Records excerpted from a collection
- Opening Delimiter -

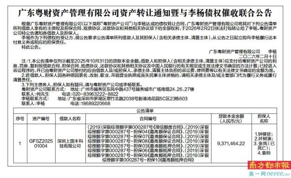 广东粤财资产管理有限公司资产转让通知暨与李杨债权催收联合公告
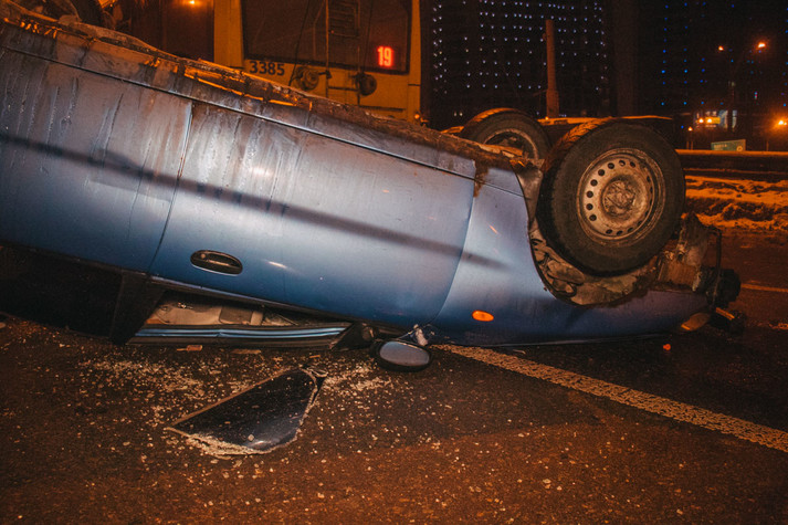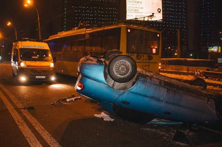 Водій Daewoo рухався по Повітрофлотському мосту і збирався виїхати на проспект Перемоги. Він не помітив електричний кабель, який звисав на дорогу. Машина зачепилася за нього і перекинулася. У польоті авто зачепило тролейбус і обірвало його проводи. Частина бампера Daewoo виявилася на даху громадського транспорту.
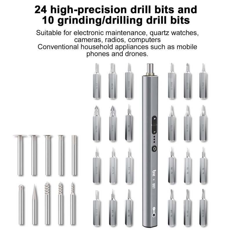 24 high-precision drill bits and 10 grinding/drilling drill bits: Suitable for electronic repairs, quartz watches, cameras, radios, computers, mobile phones, drones and other regular household appliances.
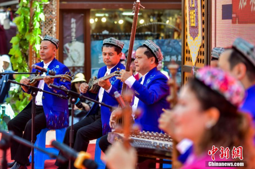 新疆藝術劇院木卡姆藝術團樂隊奉上樂器聯奏《多彩新疆》。劉新 攝
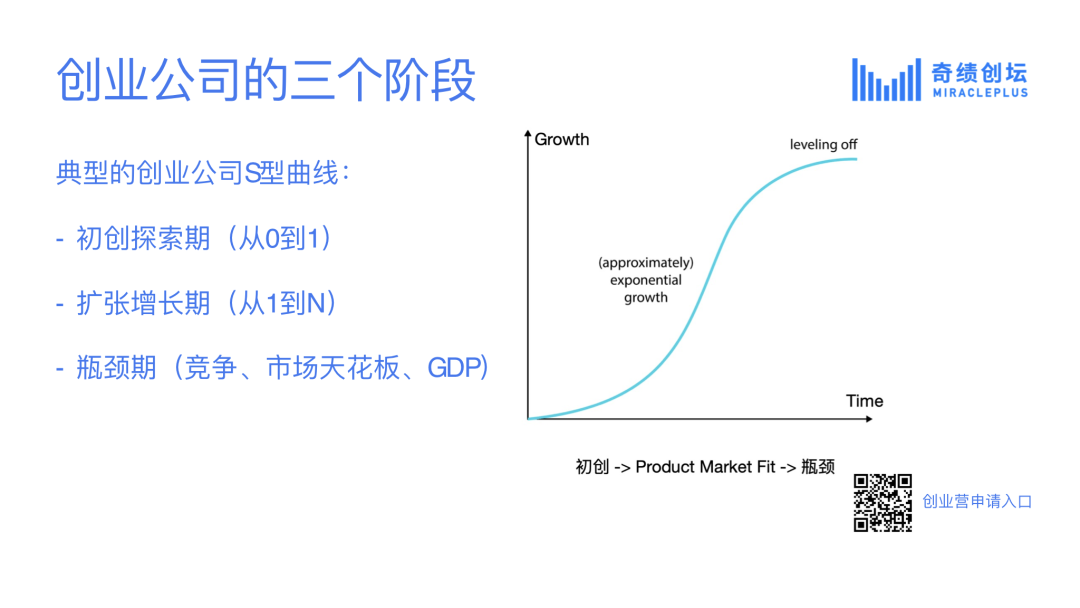 进入我们的主题,首先我想从创业的核心讲起。创业的核心是什么?简单给大家描述一下每个创业公司必经的三个阶段,也就是经典的创业公司S曲线。今天我们遇到的大多数公司都处在S曲线的底部的位置,这个阶段叫初创探索期,也就是我们常说的0-1的阶段。然后曲线当中呈指数增长的这一段,我们叫扩张增长期,也就是1-N阶段。最后项目会遇到一个瓶颈期,可能是因为市场天花板不高、市场不大、存在其他竞争者;也可能因为市场比较分裂、壁垒不高,或者说项目的盘子已经铺的很大了等等。这时候企业就需要去找第二甚至第三发展曲线。巴菲特说过一句话:一个公司最终的增长速度会慢慢趋于所在国家的GDP的增长速度。大家可以思考一下,确实是这个道理。当公司到一定规模之后,在某种意义上它的增长跟国家GDP的增长必定是挂钩的。

- Closing Delimiter -

◆ **TASK TO COMPLETE**:
Print, with pictures removed, exactly the lines of the records above from the top through the line containing "Водій Daewoo рухався".

◆ **OUTPUT OF THE TASK**:
 广东粤财资产管理有限公司资产转让通知暨与李杨债权催收联合公告
 Водій Daewoo рухався по Повітрофлотському мосту і збирався виїхати на проспект Перемоги. Він не помітив електричний кабель, який звисав на дорогу. Машина зачепилася за нього і перекинулася. У польоті авто зачепило тролейбус і обірвало його проводи. Частина бампера Daewoo виявилася на даху громадського транспорту.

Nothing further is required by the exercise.